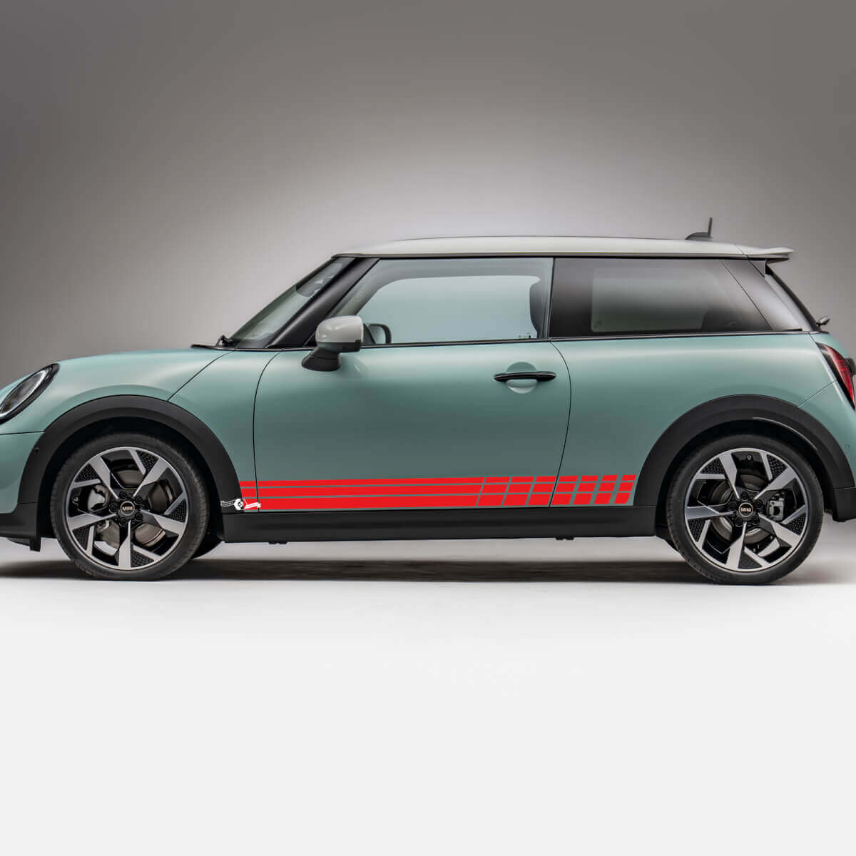 Améliorez votre Mini Cooper S avec notre autocollant graphique bandes de course latérales. Conçues pour donner à votre voiture une apparence sportive et dynamique, ces bandes en vinyle sont faciles à appliquer et durables.
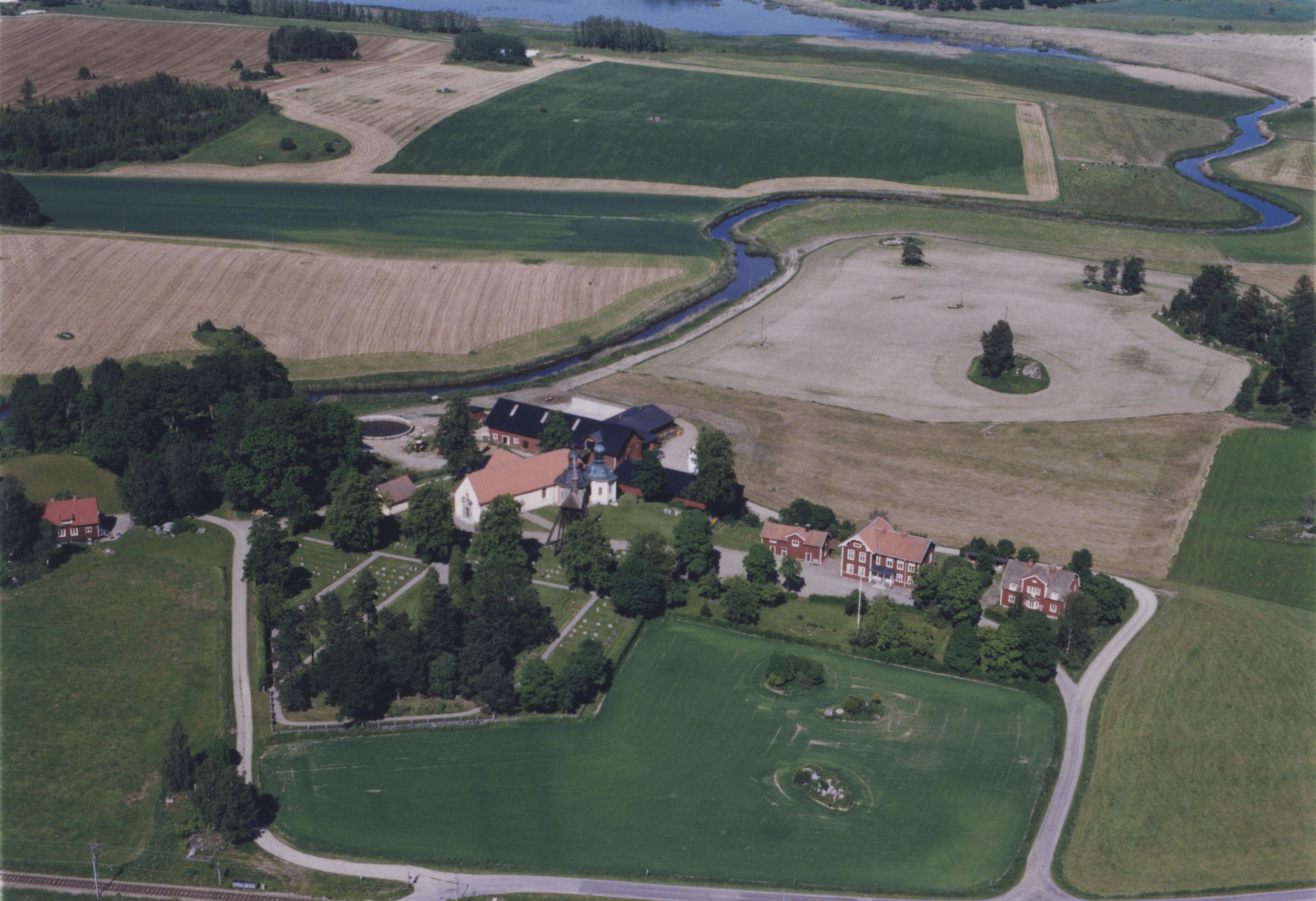 Beskrivning: Vadsbro kyrka vid Hedenlundaån. Bilden är tagen mot (väderstreck): ONO
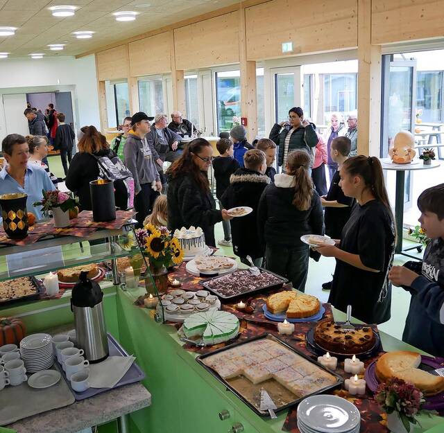 Danach begrüßte Schulleiterin Kerstin Kotysch die Gäste. In ihrer Ansprache blickte sie auf die Entwicklungen der letzten Jahre zurück – von der Genehmigung des Anbaus im Jahr 2018 durch den Kreistag über den Baubeginn 2020, die coronabedingten Verzögerungen bis hin zur Fertigstellung im Jahr 2024. „Mit diesem Anbau haben wir neue Räume für ein modernes Lernen geschaffen“, so Kerstin Kotysch. Der Spatenstich für den letzten Bauabschnitt, die neue Außensportanlage, soll noch erfolgen. Der neue, u-förmige Bau schließt direkt an das Hauptgebäude an. Hier entstanden moderne Räume fürs Lernen und Begegnen. Neben Klassenzimmern, einem Förderraum und einem Sportbegegnungsraum findet man dort unter anderem eine helle Mensa, das Lehrerzimmer, die Büros der Schulleitung und der Schulsekretärin. „Der Neubau rahmt den Schulhof – das wirkt lebendiger“, sagt Ines Winterfeld.
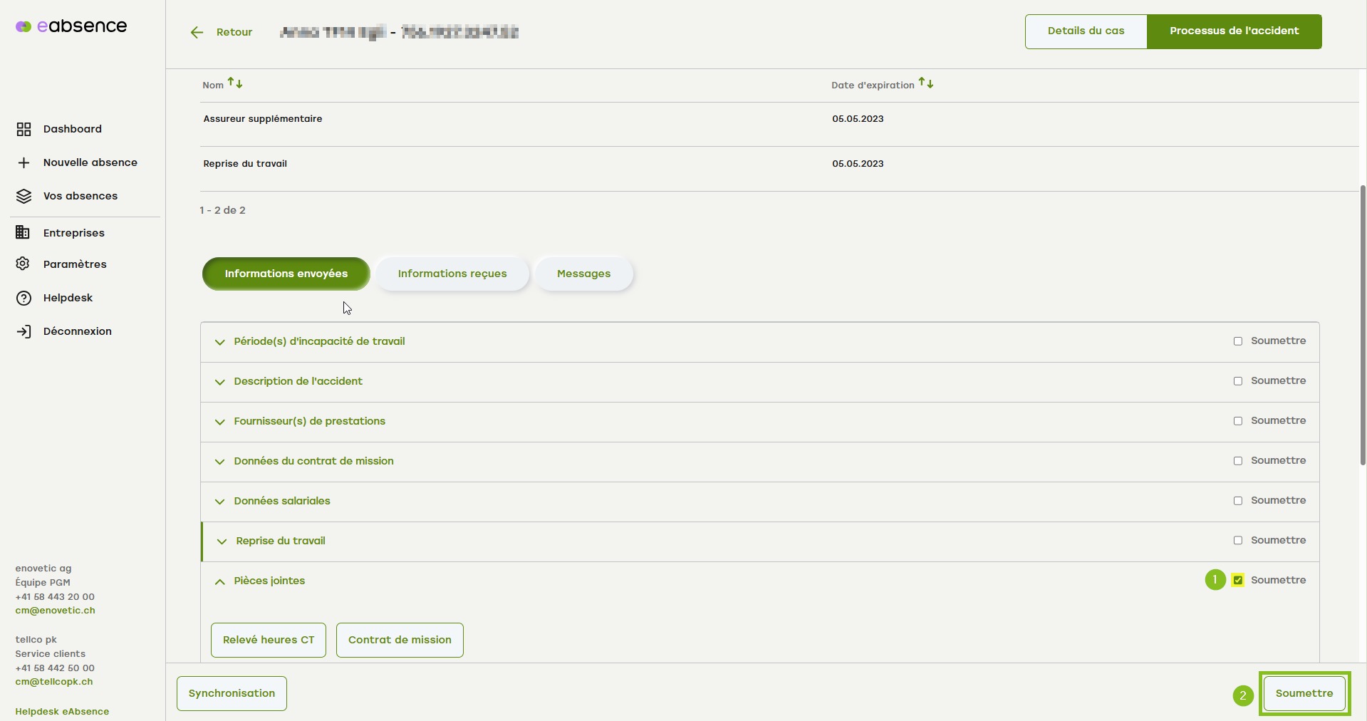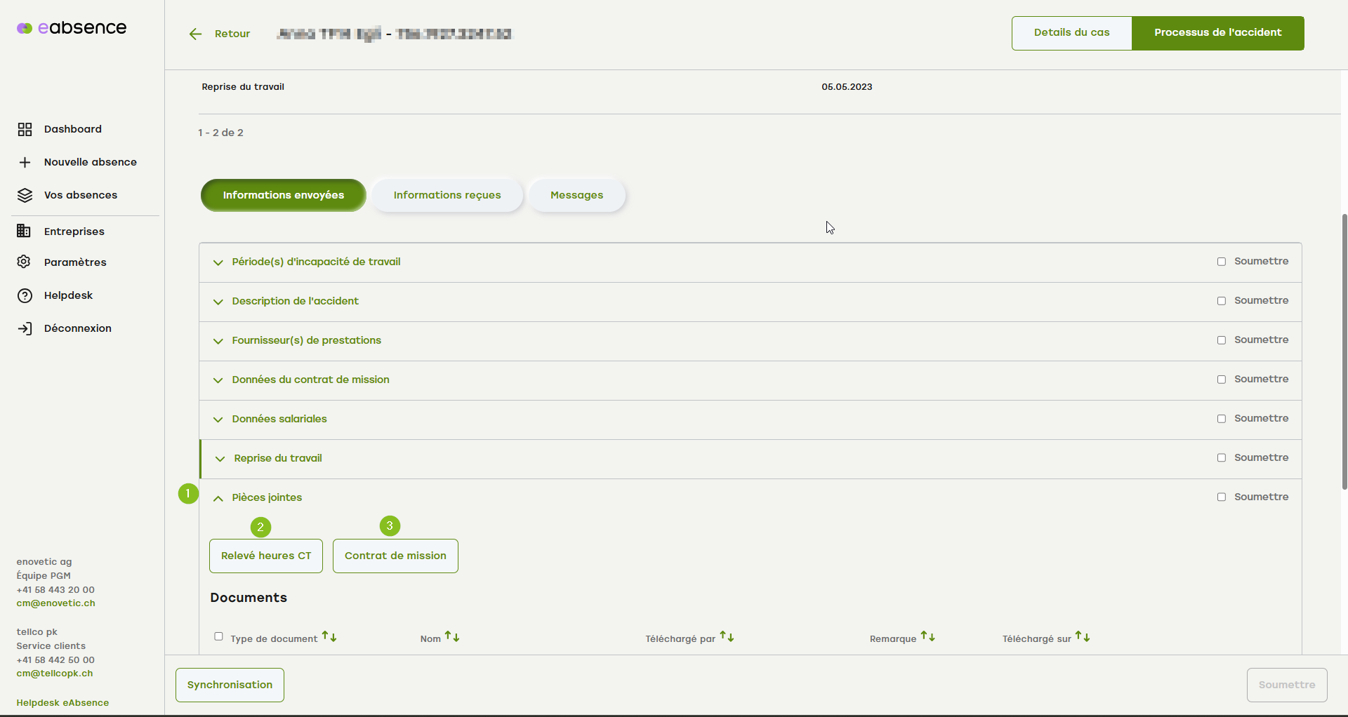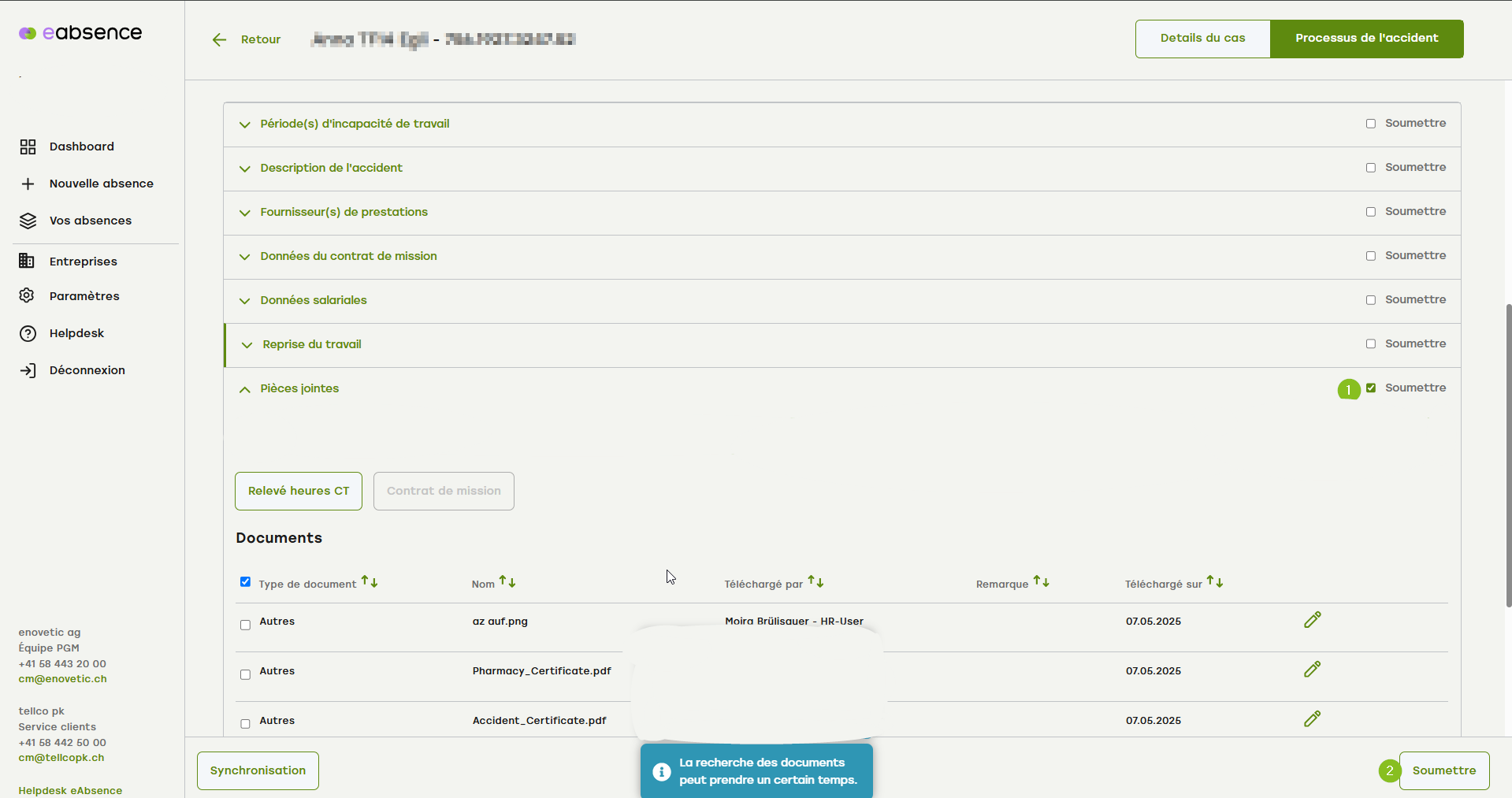 Vous avez déjà fait ce qui suit et souhaitez envoyer les relevées heures CT et le contrat de mission à la SUVA :
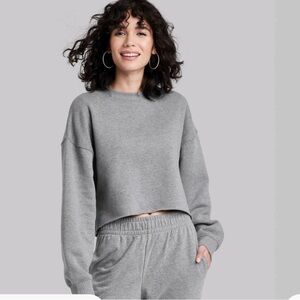 Wild Fable Gray Cropped Boxy Fleece Crew Neck Sweatshirt
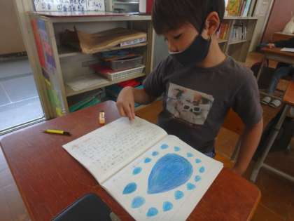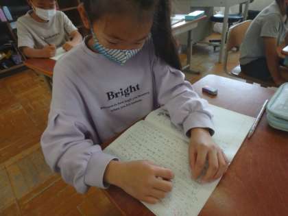 自分が想像した3の場面の交流会をしました。友達の書いた物語を黙々と読む子どもたちでした。
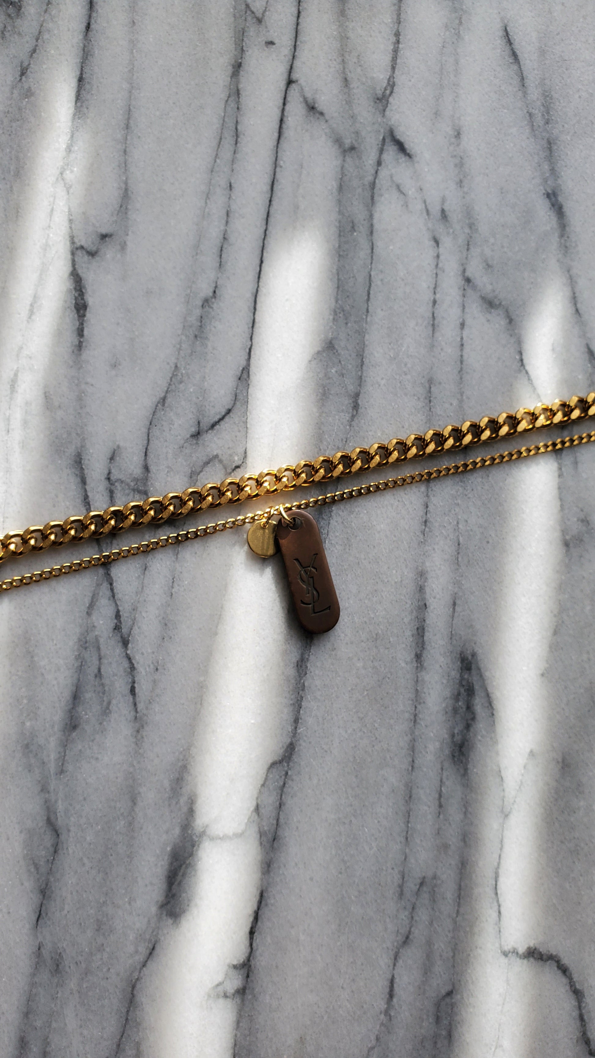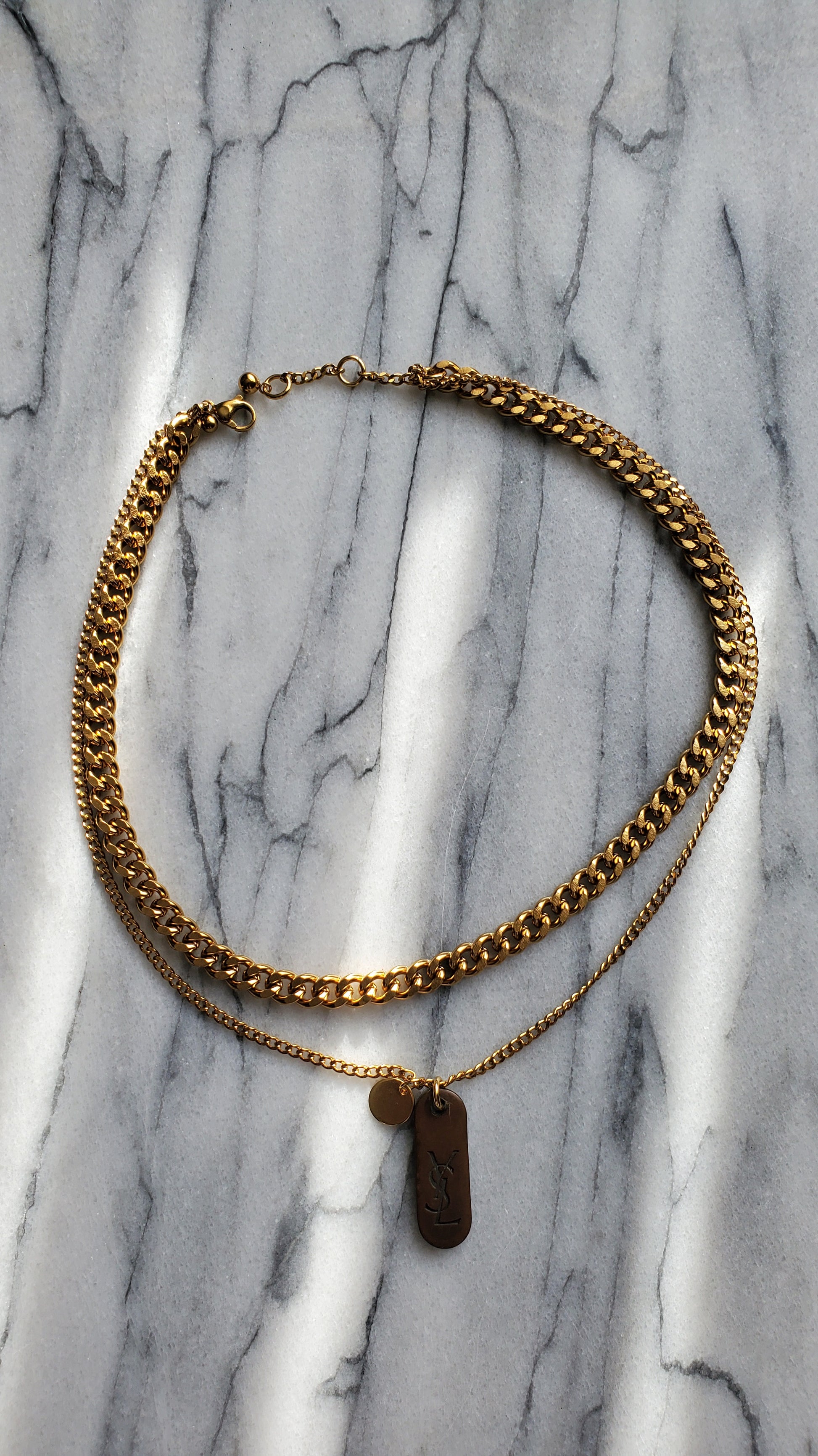 Authentic YSL charm reworked into a fun double layers necklace piece!
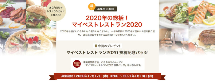 食べログの募集に沿って 「 マイベストレストラン 2020 」
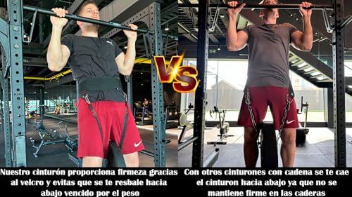 Cinturon Lastre Dominadas con 1 Cuerda de 100 cm y 2 Mosquetones | Talla Unica | Cinturon de Lastre Gimnasio va Acolchado y Aguanta 250Kg | Evita darte en tus Partes con la Cadena

EXERCISE BRIEF = Using the entries above, reproduce word for word only the lines from the one that contains "Authentic YSL charm" to the one that contains "食べログの募集に沿って 「 マイベストレストラン 2020 」", both ends included, and drop every picture.

SOLUTION TO THE PROBLEM =
 Authentic YSL charm reworked into a fun double layers necklace piece!
 食べログの募集に沿って 「 マイベストレストラン 2020 」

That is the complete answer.